As a child I loved Christmas.  It was my favorite time of year, with the twinkling lights and the decorations.  I couldn’t wait to take out the decorations and to set up the nativity.  I sang Christmas carols nonstop, much to the chagrin of the sister that still lived at home, I’m sure.  I remember the time of year being happy and filled with magic.  I’ve lost that the last few years.  I had to force myself to make cookies, and most of those I ruined.  Baking at Christmas used to be a highlight.  I didn’t even get my Christmas cards mailed this year.  It is a sad state of affairs when you wish your aunt Merry Christmas on Facebook.  Really?  I was already fighting the bah-humbug mood I was in when Christmas Eve Disaster struck.  I felt my mood slipping.  I really didn’t  care.

Christmas Day dawned earlier than usual I think.  It may have started rather bleary eyed, but I was able to spend the morning with my daughter, and watching her opening her presents made me happy.  Knowing that the week before she had given her last five dollars to a family in a store parking lot that looked like they could use the help, no matter how small, made me happy.  Watching her open a special present that a kind, anonymous angel had gone through a lot of trouble to give to her, made me happy.  That is what Christmas is about. Christmas is about sharing what we have, no matter how little it is, with others.  It’s kindness in our hearts.  It is the song on our lips.  One of my sisters had invited us to her house later that day, so we went.  There I was reminded again of what Christmas could be.  Watching my sister with her children and grandchildren, knowing how happy it made her to have them there, seeing her smile and laugh with her grandchildren, again made me happy.  I was reminded that Christmas is not about those that are too selfish to make the holidays special for others, but about the people in our lives, family and friends, who show us all year that we are important.  People who rally around us when we are in need, people who pick us up and help us to stand when we fall, people who offer their support, understanding, kindness and love all year round.  That is the spirit of Christmas.  That is the spirit of family.  Families are never perfect.  We all have our forms of dysfunction in one way or another, but those do not speak for the rest of us.  Those do not define our families.  We cannot help their actions.  Their actions do not speak for the rest of us, and they are most certainly not our faults.  I thank my sister for having my daughter and me join her family on Christmas Day, and I thank my nephews who go out of their way to include an aunt and a cousin in their lives.
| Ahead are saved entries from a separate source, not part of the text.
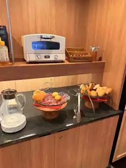 The bathroom is small, with a bidet and a compact integrated bathtub, but there is actually a large bathing area where you can take a comfortable hot bath before going to bed at night. Although this bathing area only has three flushing positions, it is used alternately by men and women, from 18:00 to 19:50 for men and from 22:00 to 07:50 for women. Women: 15:00-17:50; 20:00-21:50; 08:00-09:30. The room is luxuriously equipped with a 50-inch TV where you can watch YouTube and Netflix.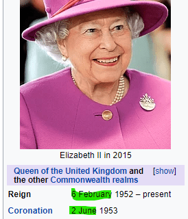 NOTICE SHE WAS CORONATED ON 2/6 BUT HER REIGN BEGAN ON 6/2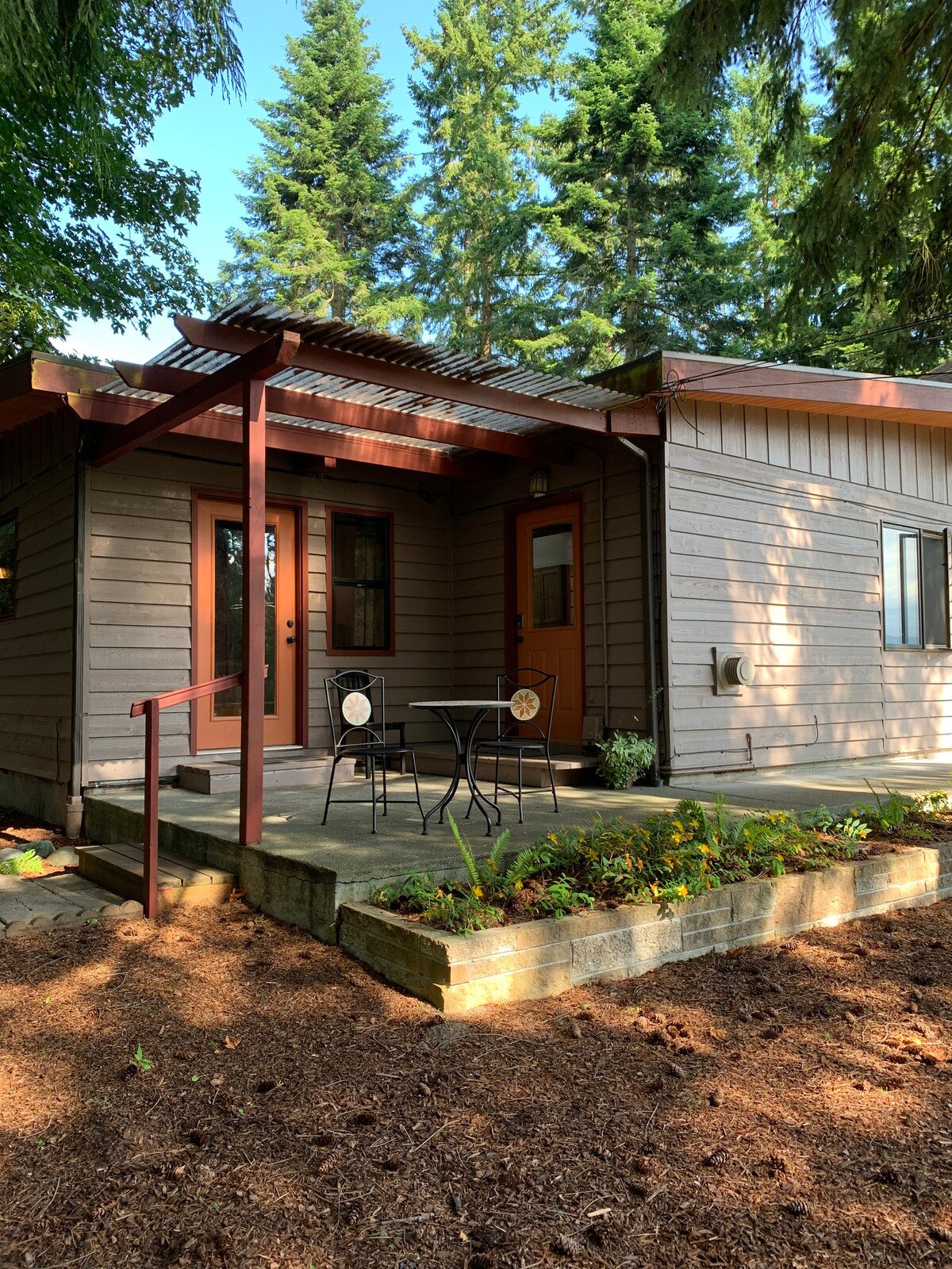 Acollidora suite d'hostes a Adelma Beach situada en un bosc privat de cedres i granotes. Vista panoràmica de Discovery Bay i Olympic Mountains des de les habitacions i el porxo cobert. Sala d'estar amb llar de foc, dormitori i bany complet. Escalfador de propà. Cuina americana amb cuina elèctrica, forn torrador i mininevera. Dues entrades privades. Entrada sense claus. Ruta ciclista Larry Scott a tocar de pedra. La pau i la solitud t'esperen!

Christmas isn’t about lights, presents and bows.  Those things can be fun, but they aren’t what it’s about. Christmas isn’t about the people in our lives that we can’t control.  Christmas is so much more than that.  As we celebrate the birth of Christ, remember that there lies the spirit of Christmas.  Carry that spirit on in our hearts and in our actions.  Show love and kindness to others, and remember that there is joy to be found in not only this season, but in everything around us, every day.
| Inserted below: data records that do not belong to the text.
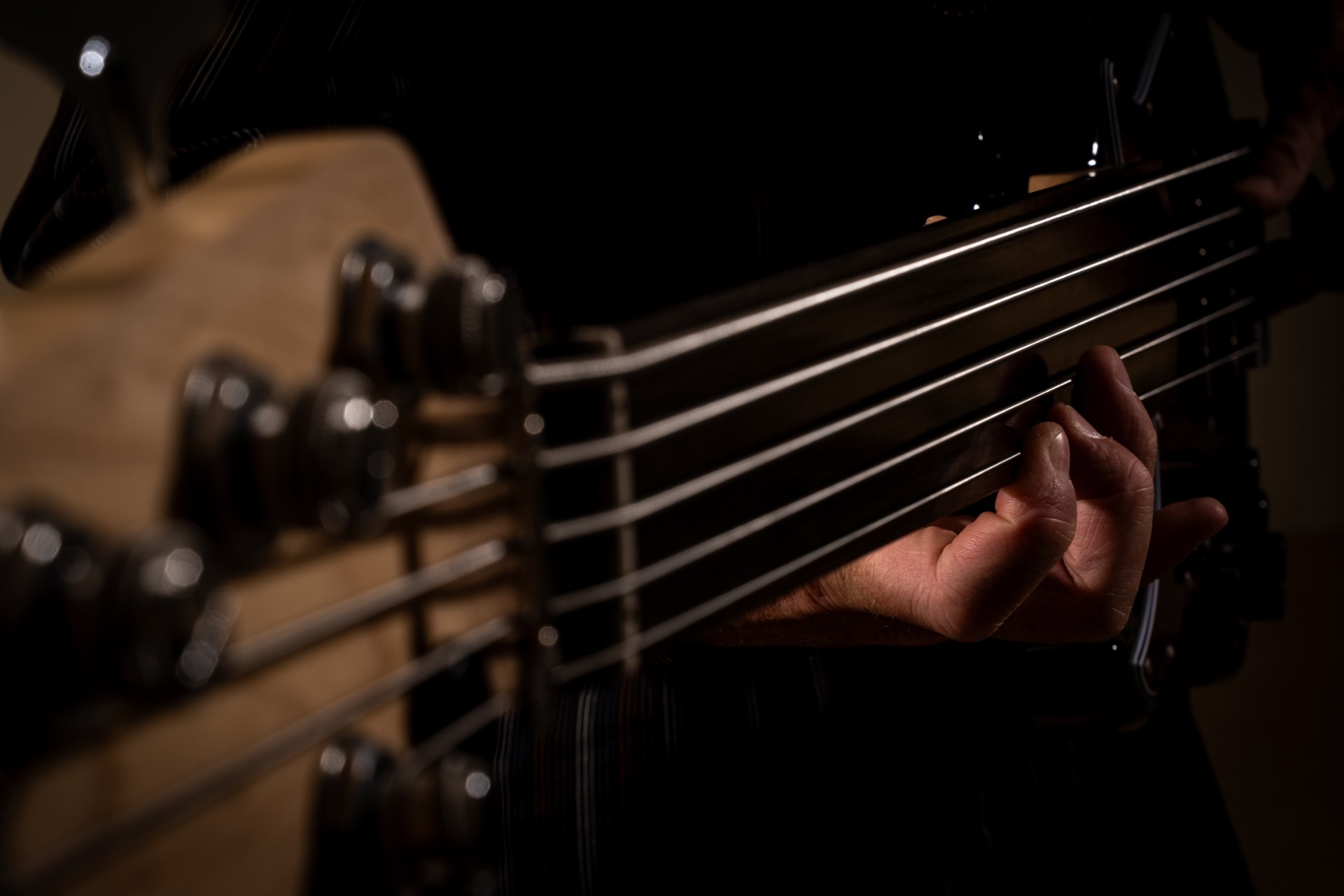 Egy hangulatot idéző fotó, amelyen egy basszusgitáros mély átéléssel játszik hangszerén. A kontrasztos fények és árnyékok kiemelik a pillanat intimitását és a zene bensőséges erejét.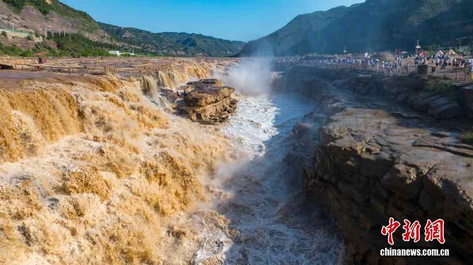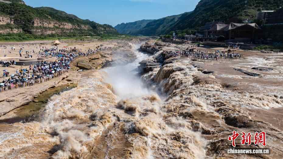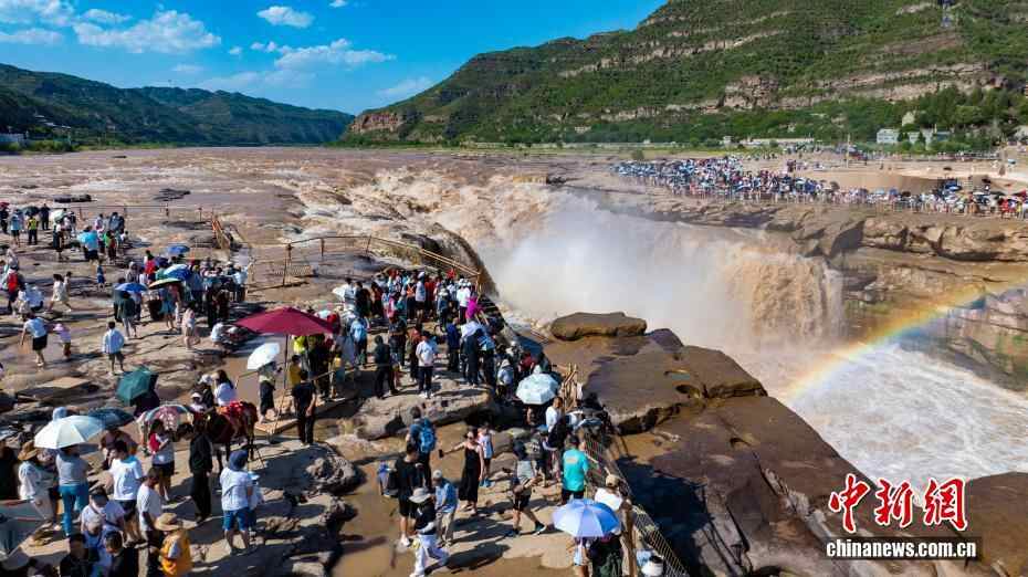 近日,受天气晴好及水汽充足影响,位于陕西延安的黄河壶口瀑布水量大增,在阳光的照射下,瀑布上方出现了一道绚丽的彩虹,与奔腾的瀑布交相辉映,形成了一幅壮丽的自然画卷,吸引众多游客驻足观赏、拍照留念。图为黄河壶口瀑布美景吸引了众多游客。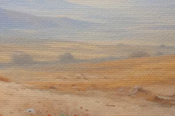 La fine trama dei fili di questa tela ricorda la superficie delle tele degli artisti professionisti.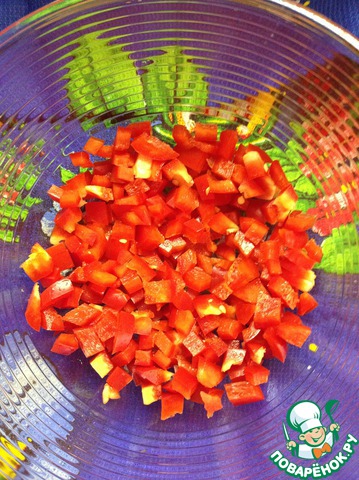Перец (1 шт.) режем кубиками и укладываем на дно чаши. -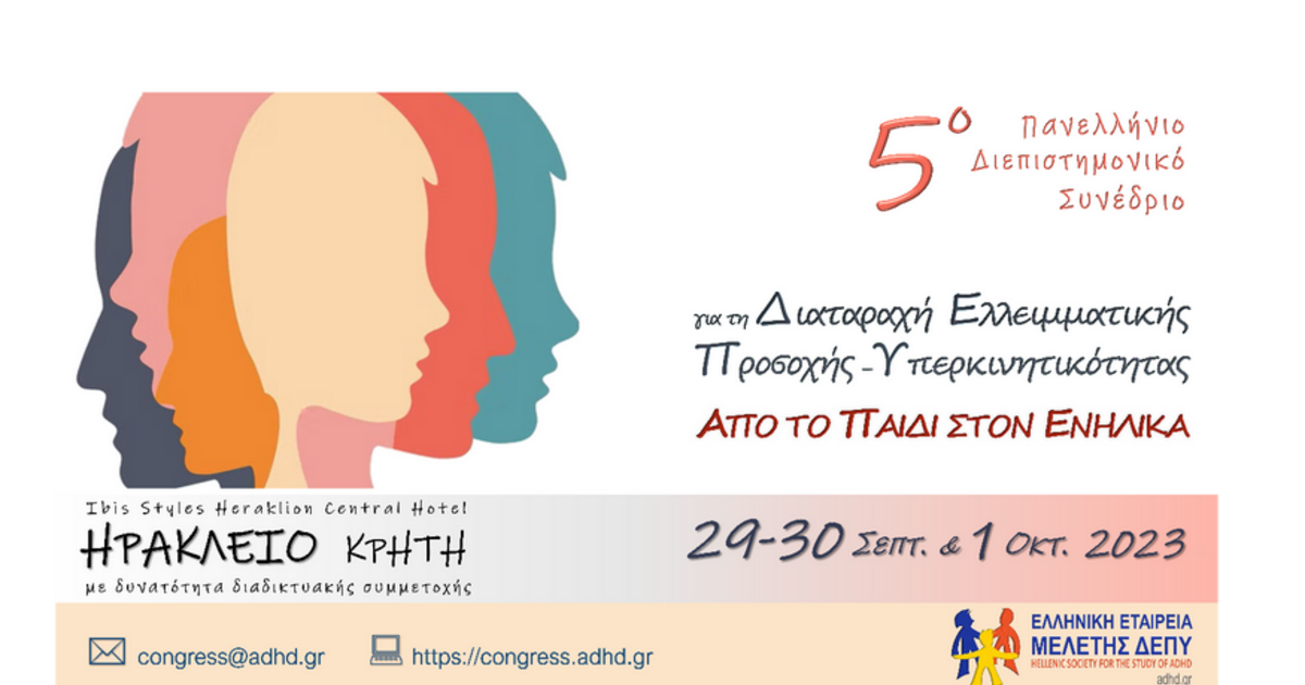 Η Ελληνική Εταιρεία Μελέτης της Διαταραχής Ελλειμματικής Προσοχής - Υπερκινητικότητας (ΕΕΜ ΔΕΠΥ) διοργανώνει το 5ο Πανελλήνιο Διεπιστημονικό Συνέδριο για τη ΔΕΠΥ «Από το Παιδί στον Ενήλικα» στο Ηράκλειο Κρήτης (Ibis Styles Heraklion Central Hotel) στις 29-30 Σεπτεμβρίου και 1 Οκτωβρίου 2023.

For those that celebrate Christmas, Merry Christmas to you.  For those that do not, I wish you a very Happy New Year, filled with joy and happiness.  May we all learn that we can get along, no matter what our personal beliefs may be.  May we learn that is is okay to disagree, and even okay to speak our minds.  May we learn that it is not okay to hurt others by our words and actions.

I hope the New Year brings you much peace.